Note, that to my surprise these calculations (copied from NIST Form factors) do not normalize correctly to 1 at low q. The reason is that the weighting is done by volume and contrast. I’ll need to look into this again and in detail…

Example, Radius 50A, skin thickness 10A, contrast ratio 0.6

CoreShellPrecipitate¶

This is unique form factor, which - even for dilute system - results in “diffraction peak” type scattering. It is a very special case, when core shell particle is formed from matrix and as it is formed, the core chemistry/rho deviates from matrix chemistry/rho. If the diffusion in the matrix is not fast enough, the chemistry around the particle changes, which results in rho changing in the other direction. Therefore one can end with core shell particle which has higher-then-solvent rho core surrounded by lower-then-solvent rho shell (or the other way). With average rho same as matrix. In such case at low-qs the particle “disappears” since we are probing material on larger length scales, and on average at those length scales the rho is the same. Fro example of this type of precipitation see:

Imhoff, S.D., et al., Kinetic transition in the growth of Al nanocrystals in Al-Sm alloys. Journal of Applied Physics, 2012. 111(6): p. 063525-9.

Remember, that by basic nature of this logic, the rho of the core/shell needs to be one larger and the other smaller than solvent rho. Also, they probably need to be pretty close together. If this is not correct, the code would create negative shell thicknesses and abort. Do not do it, it is not very physical…

The particle volume is always volume of the core. I think no other logic makes too much sense.

Code uses regular core shell form factor (see above). For each size the shell thickness is calculated so the average rho of the particle matches the rho of the solvent. First we calculate:

$$ShellVolume=\frac{CoreVolume(SolventRho - CoreRho)}{ShellRho - SolventRho}$$ Then we calculate the shell thickness for known ShellVolume and known core radius.

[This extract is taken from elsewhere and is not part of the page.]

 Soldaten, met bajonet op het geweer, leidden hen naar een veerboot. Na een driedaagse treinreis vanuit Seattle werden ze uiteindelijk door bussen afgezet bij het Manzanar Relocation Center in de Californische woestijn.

Core volume = $$\frac{4}{3} \pi R^3$$

Example, Radius 50A, Core Rho 110, Shell Rho 85, Solvent Rho 90; note, this internally resolves to shell thickness of 35.5A.

CoreShell Cylinder¶

Note, this form factor calculation also includes integration over the width of bin in radii (same as integrated spheroid and cylinder).

This code has been developed some time ago and I am not sure about it’s function…

Code which is being used is direct copy of NIST Core shell cylinder.

Note, that there is volume definition choice you need to do: Whole particle, core, or shell, as appropriate for given problem. This volume definition is used for all volume calculations for this particle. It is global parameter for all core shell cylinder or core shell calls in the WHOLE EXPERIMENTÅc.

Volume definition depends on the setting of above discussed global parameter and is either: Whole particle volume = $$\pi*(R+r)^2*(L+2r)$$

Core volume = $$\pi R^2L$$

Shell volume = $$\pi*(R+r)^2*(L+2r) - \pi R^2L$$

Fractal Aggregate¶

This form factor was requested by Dale Schaefer and I cannot very well guarantee its functionality….

code:

f = IR1T_CalcSphereFormFactor(Qw[p],(2 * Param1))
//calculates the F(Q,r) part fo formula
//this is same as for sphere of diameter = 2 * Param1
//(= radius of primary particle, which is hard sphere)
//fractal part is next
F^2 =f^2 * IR1T_CalculateFractAggSQPoints(Qw[p],currentR,Param1, Param2)

where:

IR1T_CalculateFractAggSQPoints(Qvalue,R,r0, D) is
QR=Qvalue * R
part1=1
part2=(qR * r0/R)^-D
part3=D * (exp(gammln(D-1)))
part5= (1+(qR)^-2)^((D-1)/2)
part4=abs(sin((D-1) * atan(qR)))
return (part1+part2 * part3 * part4/part5)

Note, that parameters are : Param1 - radius of primary particle param2 - fractal dimension of the fractal particles

Example for R=100A, radius of primary particle 10 A and fractal dimension 2.5.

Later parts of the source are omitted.